Source records —
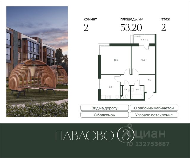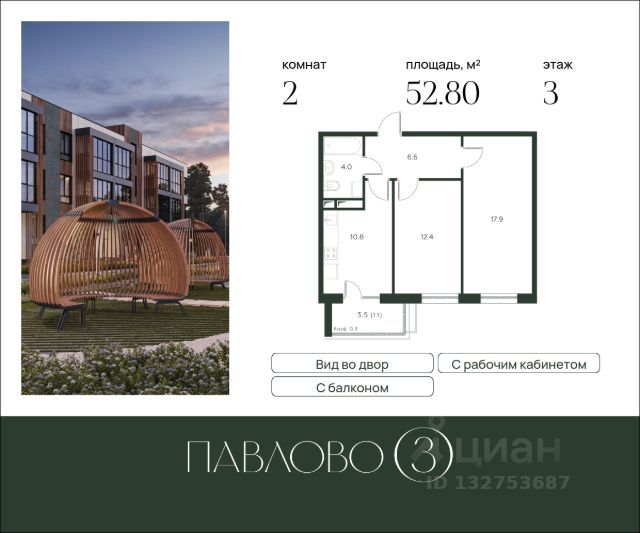 Старт продаж! Продается 2-комнатная квартира в новом клубном жилом комплексе "Павлово 3" площадью - 52.30 кв. м на 1 этаже, в корпусе 2 в малоэтажном монолитном доме от компании-застройщика. Квартира с угловым остеклением. Из окон, открывается отличный вид. В квартире предусмотрен отдельный рабочий кабинет. В квартире высокие потолки 3.4 м, что дает ощущение простора. Преимуществом также является большой санузел. "Павлово 3" - премиальный уровень комфорта загородной жизни в бизнес-классе. Выбирайте камерный квартал, он станет лучшим домом для каждого, кто ценит приватность и комфорт. Срок сдачи - 2 квартал 2027. Более подробная информация по телефону. Особенности комплекса: • Высота потолков в каждой квартире - от 3 метров; • Собственный детский сад; • Авторская концепция озеленения; • МЦД-2 "Нахабино" в 5 минутах езды; • Садовое кольцо в 35 минутах езды • Локация с насыщенной инфраструктурой столичного уровня: торговые центры, кафе, рестораны, учебные заведения, развлекательные и спортивные объекты. Расположение Клубный жилой комплекс бизнес-класса "Павлово 3" возводится в экологически чистом районе престижного северо-западного направления Москвы. Здесь природа и атмосфера спокойствия соседствуют с комфортом современного мегаполиса. 7 трехэтажных корпусов, выполненных в едином современном стиле, формируют уютную камерную атмосферу. Архитектура На первых этажах домов - просторные и функциональные входные группы, где предусмотрено все: мягкий интерьер в природных тонах, дизайнерская отделка натуральным деревом и камнем, панорамные окна с видом на лес, помещения для хранения колясок и спортивного инвентаря, а также специальные подъемники для маломобильных жителей. Благоустройство "Павлово 3" - это 6 га приватной охраняемой территории, 2 км прогулочных дорожек вдоль леса, 19 зон для тихого и активного отдыха и 3963 деревьев и цветущих кустарников, высаженных непосредственно на территории комплекса. Чтобы оказаться наедине с природой теперь достаточно пары минут пешком. Для жителей "Павлово 3" создан собственный выход в лес, благоустроены лаунж-зоны на свежем воздухе и гармонично вписаны в ландшафт ливневые сады. Здесь же появится барбекю-зона для уютных вечеров в кругу семьи и друзей. Инфраструктура Жителям доступна инфраструктура престижного района с известными ресторанами, спортивными клубами и рейтинговыми учебными заведениями. На территории клубного дома детям не придется скучать. В их распоряжении - 16 игровых площадок с инвентарем из природных безопасных материалов. А для поддержания здорового образа жизни предусмотрено 5 спортивных зон, включая воркаут-тренажеры, корты для мини-футбола, волейбола, падел-тенниса и баскетбола. Для гостей предусмотрен свой паркинг, а для владельцев электромобилей - зарядные станции. Количество машиномест равно количеству квартир. Вся территория оснащена системами безопасности и камерами видеонаблюдения, работает WI-FI.
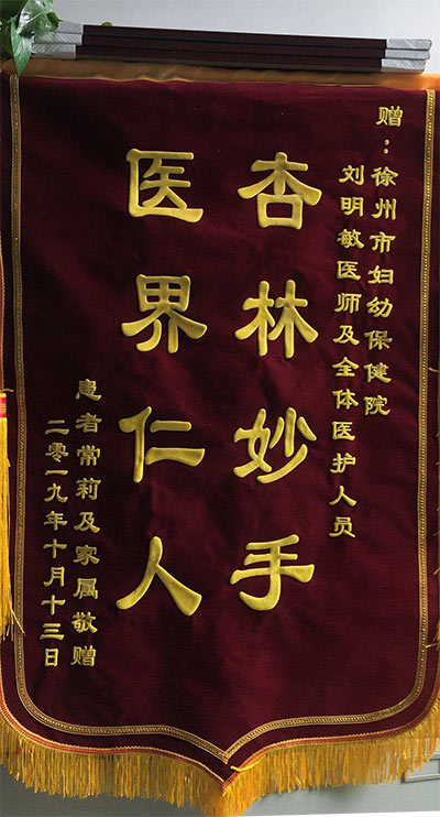 常莉贈錦旗感謝我院劉明敏及全體醫護人員
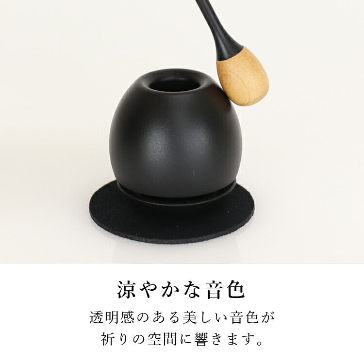 おしゃれなおりんです。高く涼やかな音色を奏でます。付属のりん棒を立てて収納できるので場所をとりません。モダン仏壇はもちろん、手元供養にもおすすめです。
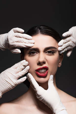 plastic surgeons in latex gloves touching face of brunette young woman isolated on black
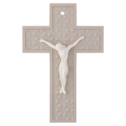 Wandkruzifix aus Resin mit floral strukturiertem Hintergrund und stilisierter Christusfigur. Die zentrale Fläche ist durch ein wiederholtes florales Relief geprägt und wird von einem glatten, erhabenen Rand eingefasst.

Task requirements —
Put each line of the listing above into the copy exactly, dropping the pictures.

Answer to the exercise —
 Старт продаж! Продается 2-комнатная квартира в новом клубном жилом комплексе "Павлово 3" площадью - 52.30 кв. м на 1 этаже, в корпусе 2 в малоэтажном монолитном доме от компании-застройщика. Квартира с угловым остеклением. Из окон, открывается отличный вид. В квартире предусмотрен отдельный рабочий кабинет. В квартире высокие потолки 3.4 м, что дает ощущение простора. Преимуществом также является большой санузел. "Павлово 3" - премиальный уровень комфорта загородной жизни в бизнес-классе. Выбирайте камерный квартал, он станет лучшим домом для каждого, кто ценит приватность и комфорт. Срок сдачи - 2 квартал 2027. Более подробная информация по телефону. Особенности комплекса: • Высота потолков в каждой квартире - от 3 метров; • Собственный детский сад; • Авторская концепция озеленения; • МЦД-2 "Нахабино" в 5 минутах езды; • Садовое кольцо в 35 минутах езды • Локация с насыщенной инфраструктурой столичного уровня: торговые центры, кафе, рестораны, учебные заведения, развлекательные и спортивные объекты. Расположение Клубный жилой комплекс бизнес-класса "Павлово 3" возводится в экологически чистом районе престижного северо-западного направления Москвы. Здесь природа и атмосфера спокойствия соседствуют с комфортом современного мегаполиса. 7 трехэтажных корпусов, выполненных в едином современном стиле, формируют уютную камерную атмосферу. Архитектура На первых этажах домов - просторные и функциональные входные группы, где предусмотрено все: мягкий интерьер в природных тонах, дизайнерская отделка натуральным деревом и камнем, панорамные окна с видом на лес, помещения для хранения колясок и спортивного инвентаря, а также специальные подъемники для маломобильных жителей. Благоустройство "Павлово 3" - это 6 га приватной охраняемой территории, 2 км прогулочных дорожек вдоль леса, 19 зон для тихого и активного отдыха и 3963 деревьев и цветущих кустарников, высаженных непосредственно на территории комплекса. Чтобы оказаться наедине с природой теперь достаточно пары минут пешком. Для жителей "Павлово 3" создан собственный выход в лес, благоустроены лаунж-зоны на свежем воздухе и гармонично вписаны в ландшафт ливневые сады. Здесь же появится барбекю-зона для уютных вечеров в кругу семьи и друзей. Инфраструктура Жителям доступна инфраструктура престижного района с известными ресторанами, спортивными клубами и рейтинговыми учебными заведениями. На территории клубного дома детям не придется скучать. В их распоряжении - 16 игровых площадок с инвентарем из природных безопасных материалов. А для поддержания здорового образа жизни предусмотрено 5 спортивных зон, включая воркаут-тренажеры, корты для мини-футбола, волейбола, падел-тенниса и баскетбола. Для гостей предусмотрен свой паркинг, а для владельцев электромобилей - зарядные станции. Количество машиномест равно количеству квартир. Вся территория оснащена системами безопасности и камерами видеонаблюдения, работает WI-FI.
 常莉贈錦旗感謝我院劉明敏及全體醫護人員
 おしゃれなおりんです。高く涼やかな音色を奏でます。付属のりん棒を立てて収納できるので場所をとりません。モダン仏壇はもちろん、手元供養にもおすすめです。
 plastic surgeons in latex gloves touching face of brunette young woman isolated on black
 Wandkruzifix aus Resin mit floral strukturiertem Hintergrund und stilisierter Christusfigur. Die zentrale Fläche ist durch ein wiederholtes florales Relief geprägt und wird von einem glatten, erhabenen Rand eingefasst.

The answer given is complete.